A Procuradoria-Geral Eleitoral apresentou nesta terça-feira (9) parecer favorável ao compartilhamento de provas do inquérito do Supremo Tribunal Federal (STF) que investiga o esquema de fake news e disseminação de ataques virtuais a membros da própria corte e do Congresso Nacional nas ações movidas pelo Partido dos Trabalhadores no Tribunal Superior Eleitoral (TSE) contra a chapa eleita em 2018. A legenda pediu a cassação dos mandatos de Jair Bolsonaro e do vice-presidente, general Hamilton Mourão.

O vice-procurador-geral eleitoral, Renato Brill de Góes, emitiu os pareceres favoráveis junto ao TSE. “O Ministério Público Eleitoral manifesta-se pelo deferimento do pedido de compartilhamento de provas relativo ao Inquérito nº 4781/DF”, escreveu. Ele indeferiu o pedido de inclusão de documentos e indícios reunidos pela CPI das Fake News no Congresso. Na semana passada, a defesa de Bolsonaro havia se posicionado contra o compartilhamento de provas. O caso está na mão do ministro-relator, Og Fernandes, que é o corregedor-geral do TSE.

Renato Góes observou nos documentos que o pedido da coligação formada por PT, PCdoB e PROS, que apoiou a candidatura de Fernando Haddad à Presidência da República em 2019, está amparado no artigo do Código de Processo Civil segundo o qual o “juiz poderá admitir a utilização de prova produzida em outro processo, atribuindo-lhe o valor que considerar adequado, observado o contraditório”.

Advogado do PT, o ex-ministro da Justiça e ex-procurador da República Eugênio Aragão é autor das ações pedindo a cassação da chapa Bolsonaro-Mourão.

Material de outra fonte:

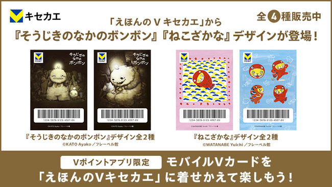 CCCMKホールディングス株式会社(本社:神奈川県横浜市、代表取締役社長兼CEO:高橋 誉則)は、Vポイントアプリの「モバイルVカード」を好きなデザインに着せかえできる「Vキセカエ」(https://ip.tsite.jp/guide)において、人気絵本作家の作品がデザインされた「えほんシリーズ」の第四弾として、『そうじきのなかのボンボン』『ねこざかな』(フレーベル館)のデザイン各2種・計4種類を、2026年3月25日(水)から販売いたします。

Ele diz que há fortes indícios de caixa dois, abuso de poder econômico e uso indevido de meios de comunicação digitais no disparo em massa de mensagens no WhatsApp para beneficiar Bolsonaro e prejudicar Haddad. Ele sustenta que empresários bolsonaristas financiaram ilegalmente o esquema de envios de mensagens em massa para eleitoral, já que a propaganda eleitoral não pode ser custeada com recursos privados. Na época, a ‘Folha de S.Paulo’ denunciou o esquema de fake news que beneficiou o então candidato à Presidência pelo PSL.

Quebras de sigilo de empresários
Ao autorizar que a Polícia Federal deflagrasse uma operação no âmbito da investigação, há duas semanas, o ministro Alexandre de Moraes, relator do inquérito das fake news no STF, determinou a quebra dos sigilos bancário e fiscal de empresários suspeitos de financiar o suposto esquema, incluindo o empresário Luciano Hang, dono da rede Havan. Ele está entre os investigados em três ações no TSE. Hang teve os sigilos quebrados entre julho de 2018 e abril de 2020, o que inclui o período eleitoral, e também foi alvo de mandado de busca e apreensão de celulares e computadores.

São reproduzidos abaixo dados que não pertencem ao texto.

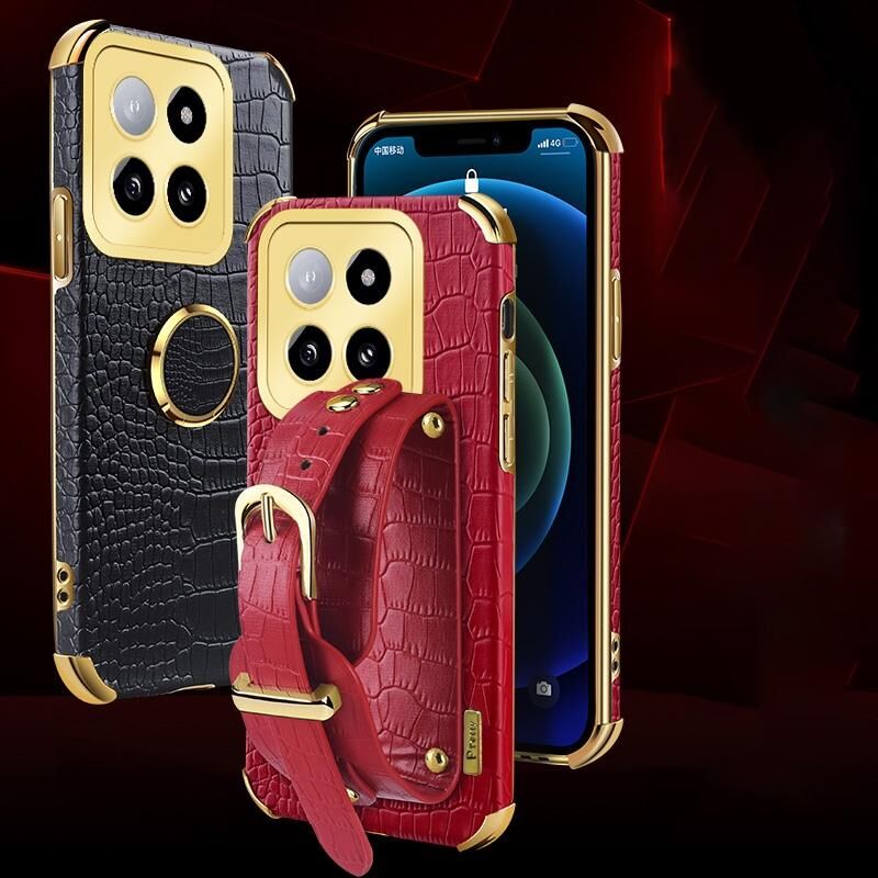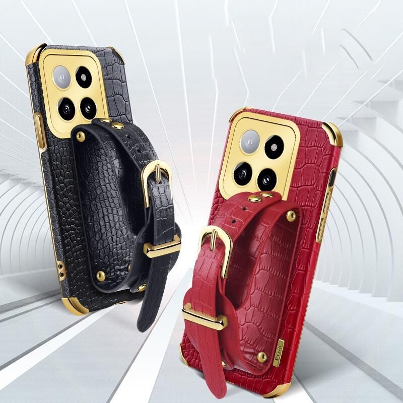 Θήκη τηλεφώνου Xiaomi 14 με επικάλυψη electroplated, δερμάτινη πλάτη από δέρμα κροκόδειλου (Λευκό)

Nas manifestações ao TSE, a Procuradoria Eleitoral reconhece o argumento de Bolsonaro, Mourão e Hang de que o inquérito no STF e as ações de investigação eleitoral têm objetos diferentes. Segundo o órgão, no entanto, não há como esquecer que os elementos de informação decorrentes das diligências determinadas por Moraes podem “desvelar fatos que se relacionem com a questão discutida” nos autos da ação petista.

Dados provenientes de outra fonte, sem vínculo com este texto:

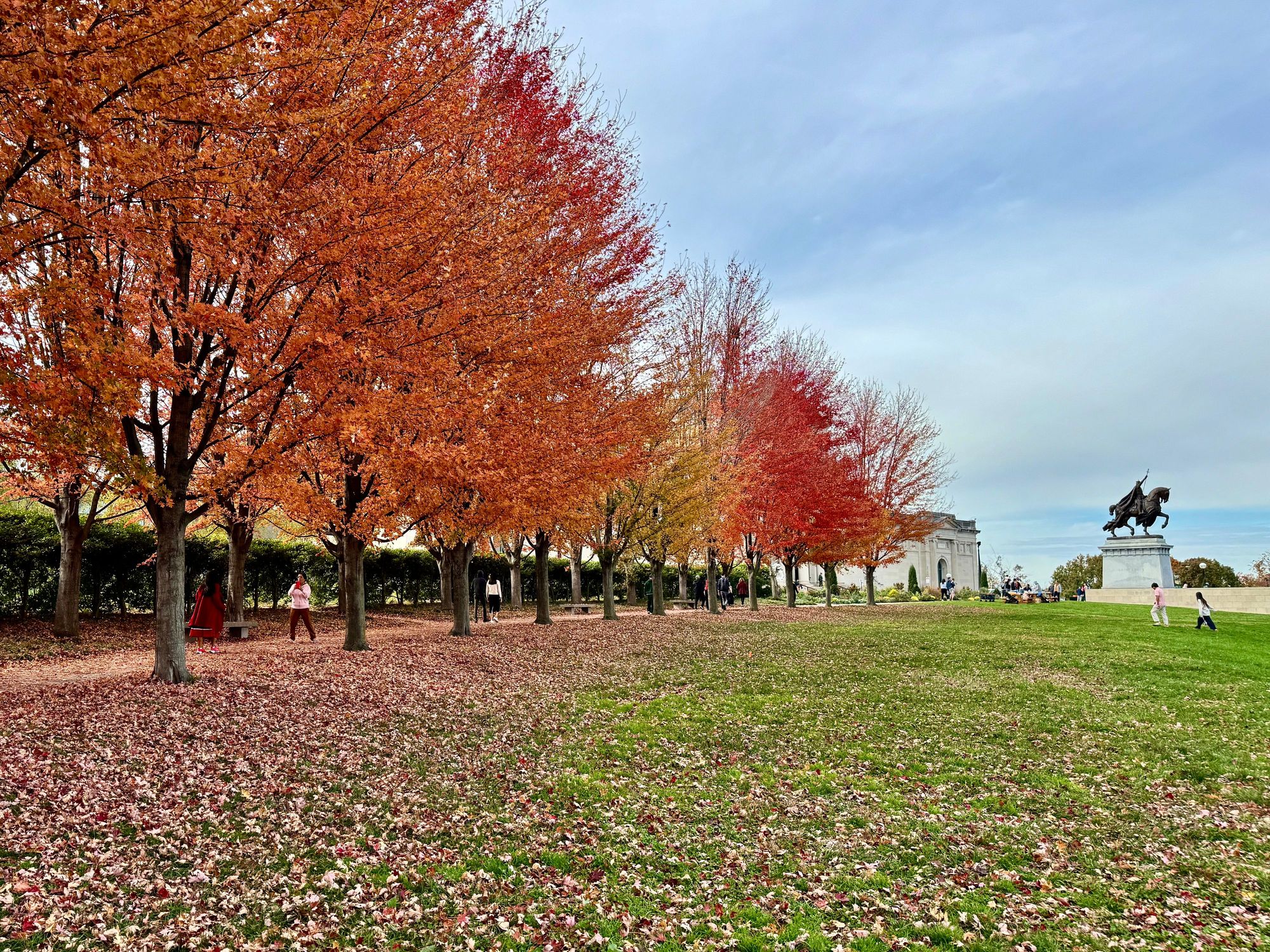 Line of trees in front of our Art Museum with King Louis IX on his horse (city named after him)

O compartilhamento de provas de outras investigações já havia sido autorizado pelo TSE no julgamento da ação que pedia a cassação da chapa Dilma Rousseff-Michel Temer, em 2017. Ao analisar o mérito do caso, contudo, a maioria do plenário do tribunal eleitoral considerou que as provas das delações premiadas da Odebrecht e dos marqueteiros João Santana e Mônica Moura não tinham relação com os pedidos feitos pelos autores da ação.